**DATASET EXTRACT:**
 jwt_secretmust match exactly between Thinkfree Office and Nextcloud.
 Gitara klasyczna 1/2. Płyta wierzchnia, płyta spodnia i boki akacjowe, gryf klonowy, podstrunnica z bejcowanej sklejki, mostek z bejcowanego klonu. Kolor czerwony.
...
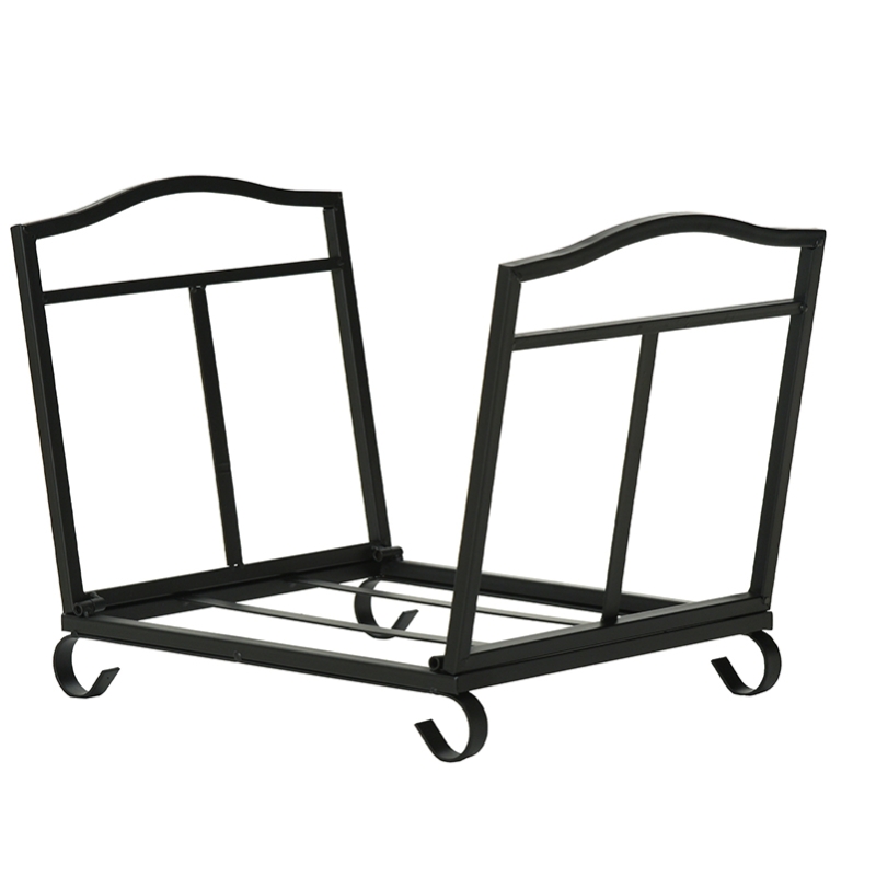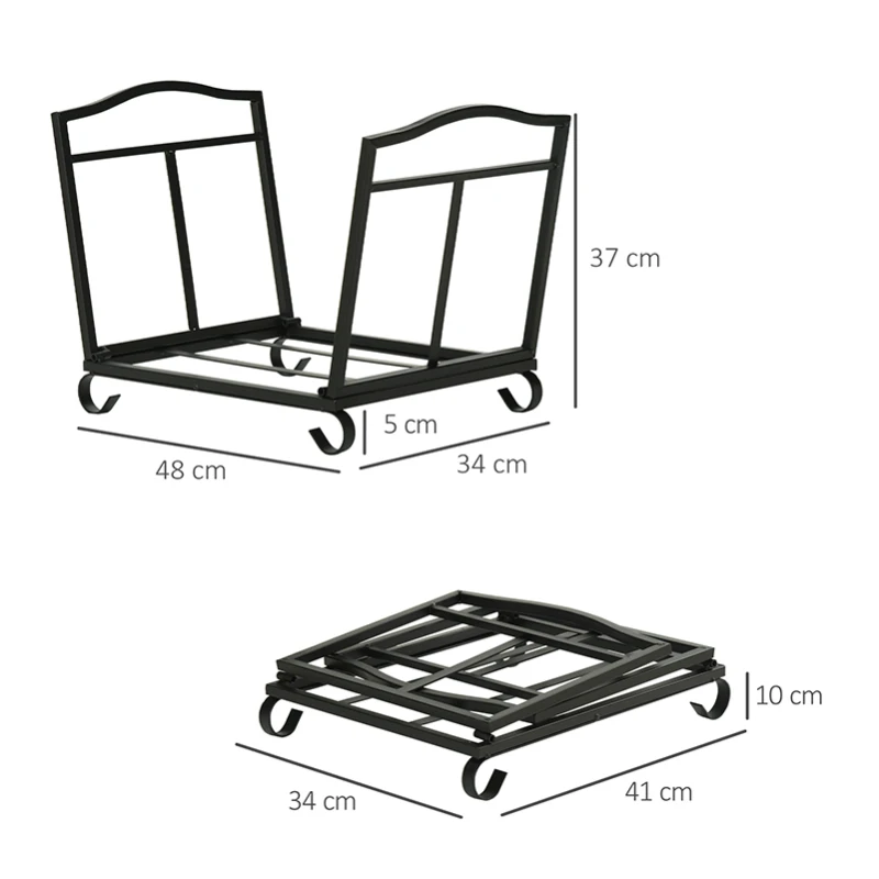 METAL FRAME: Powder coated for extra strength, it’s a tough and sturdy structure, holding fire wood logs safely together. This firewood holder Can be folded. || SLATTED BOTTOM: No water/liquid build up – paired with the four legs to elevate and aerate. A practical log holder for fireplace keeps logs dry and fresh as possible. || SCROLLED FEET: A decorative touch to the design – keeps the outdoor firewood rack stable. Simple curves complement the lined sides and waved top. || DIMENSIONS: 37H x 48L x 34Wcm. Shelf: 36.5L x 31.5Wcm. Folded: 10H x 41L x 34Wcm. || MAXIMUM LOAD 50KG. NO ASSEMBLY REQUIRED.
...
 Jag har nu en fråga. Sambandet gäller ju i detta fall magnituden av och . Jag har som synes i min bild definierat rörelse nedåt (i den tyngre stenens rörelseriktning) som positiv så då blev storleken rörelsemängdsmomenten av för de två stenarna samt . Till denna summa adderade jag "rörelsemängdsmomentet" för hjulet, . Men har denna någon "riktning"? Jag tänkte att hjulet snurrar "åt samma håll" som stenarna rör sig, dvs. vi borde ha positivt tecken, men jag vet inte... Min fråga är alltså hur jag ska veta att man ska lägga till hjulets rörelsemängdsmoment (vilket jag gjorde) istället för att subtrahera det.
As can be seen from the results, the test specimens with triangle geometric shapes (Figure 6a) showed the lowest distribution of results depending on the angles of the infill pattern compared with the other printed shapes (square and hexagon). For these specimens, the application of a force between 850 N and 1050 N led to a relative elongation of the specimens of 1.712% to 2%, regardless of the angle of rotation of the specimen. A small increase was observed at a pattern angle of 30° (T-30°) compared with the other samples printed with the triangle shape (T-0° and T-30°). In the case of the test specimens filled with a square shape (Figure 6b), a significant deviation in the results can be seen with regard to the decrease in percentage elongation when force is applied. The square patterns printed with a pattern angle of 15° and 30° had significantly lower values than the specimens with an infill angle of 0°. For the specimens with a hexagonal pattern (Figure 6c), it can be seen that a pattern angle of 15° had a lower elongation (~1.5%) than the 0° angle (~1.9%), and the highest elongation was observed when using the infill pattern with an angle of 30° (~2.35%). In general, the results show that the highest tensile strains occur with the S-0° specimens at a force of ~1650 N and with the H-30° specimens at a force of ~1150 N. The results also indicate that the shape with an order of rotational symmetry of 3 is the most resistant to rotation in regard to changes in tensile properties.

**EXERCISE AIM:**
Using the word "between" as the filter, copy each matching line from the material.

**EXERCISE ANSWER:**
 jwt_secretmust match exactly between Thinkfree Office and Nextcloud.
As can be seen from the results, the test specimens with triangle geometric shapes (Figure 6a) showed the lowest distribution of results depending on the angles of the infill pattern compared with the other printed shapes (square and hexagon). For these specimens, the application of a force between 850 N and 1050 N led to a relative elongation of the specimens of 1.712% to 2%, regardless of the angle of rotation of the specimen. A small increase was observed at a pattern angle of 30° (T-30°) compared with the other samples printed with the triangle shape (T-0° and T-30°). In the case of the test specimens filled with a square shape (Figure 6b), a significant deviation in the results can be seen with regard to the decrease in percentage elongation when force is applied. The square patterns printed with a pattern angle of 15° and 30° had significantly lower values than the specimens with an infill angle of 0°. For the specimens with a hexagonal pattern (Figure 6c), it can be seen that a pattern angle of 15° had a lower elongation (~1.5%) than the 0° angle (~1.9%), and the highest elongation was observed when using the infill pattern with an angle of 30° (~2.35%). In general, the results show that the highest tensile strains occur with the S-0° specimens at a force of ~1650 N and with the H-30° specimens at a force of ~1150 N. The results also indicate that the shape with an order of rotational symmetry of 3 is the most resistant to rotation in regard to changes in tensile properties.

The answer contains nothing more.